Childhood memories came flooding down after a professor from New York City discovered a long-forgotten Apple computer in his parent's attic.
To his amazement, the ancient device — at least in the tech world — still turned on even after all this time.
Still Alive And Kicking
John Pfaff, a Fordham University law professor, found an old Apple IIe sitting in the attic of his parent's house for a good three decades now. After dusting off the computer, Pfaff decided to give it a try. Surprisingly, it worked and apparently still in good condition.
In a tweet, Pfaff said he went ahead and tried an old disk with a previously saved game, which the Apple IIe loaded effortlessly as well. The computer even asked him if he wanted to restore a saved game of Adventureland, a game released by Scott Adams in 1978.
However, the professor had a hard time remembering where he left off in the game, which is quite understandable. It's been 30 years since he last played the game anyway.
Pfaff also tweeted photos of other games he had — all in old floppy disks — which includes Olympic Decathlon, Neuromancer, and Millionware.

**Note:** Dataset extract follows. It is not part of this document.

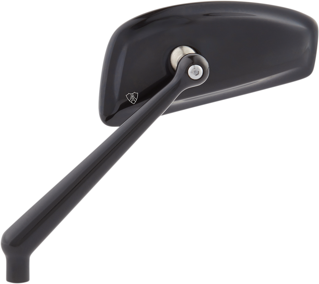 Smooth body lines and an angled outer shape for a mirror that flows with any style, Mirror head and stem forged from billet aluminum, Heavy duty stainless steel internal pivot hardware, Standard and metric mounting hardware included, A new take on the classic teardrop shape, Laser engraved Arlen Ness? logo
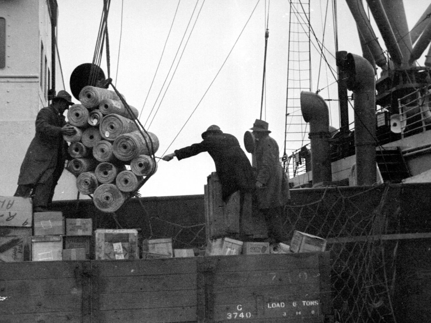 Unloading cargo from a ship. Title: Albany, unloading in the rain.

God. An Apple IIe. Sat in my parents’ attic for years. Decades. And it works. Put in an old game disk. Asks if I want to restore a saved game. And finds one! It must be 30 years old. I’m 10 years old again. pic.twitter.com/zL7wWxOo36 — John Pfaff (@JohnFPfaff) February 17, 2019
Aside from games in floppy disks, he also found other stuff stored in the old Apple computer, such as a typed letter from his late father and saved copies of his high school assignments.
The Apple IIe
The Apple IIe, released in 1983, was the third iteration of the Apple ll series. The computer went on sale for $1,395, according to Byte Magazine.
It was probably one of the most successful computers Apple released. The Apple IIe featured an improved keyboard that allowed a user to input both lower and uppercase letters, and it also had fully functioning keys for Shift and Caps Lock. Internals of IIe included a now-measly 64 KB RAM that's built in, though it's expandable up to 128 KB.
Apple discontinued the IIe in 1993.
Not to be confused with Mac, the Apple ll followed Apple I, the first computer released commercially by Apple Computer. The company later on released a number of variations for the Apple ll followed by the not-so-successful Apple lll and Lisa. The Mac, on the other hand, is the result of combining the best of Apple ll and Lisa.
Apple took the wraps off the Macintosh 128k - the first ever Mac - in January 1984. The new Mac ran on a more sophisticated system now known as the MacOS, which was one of the first OS to use a full graphical UI.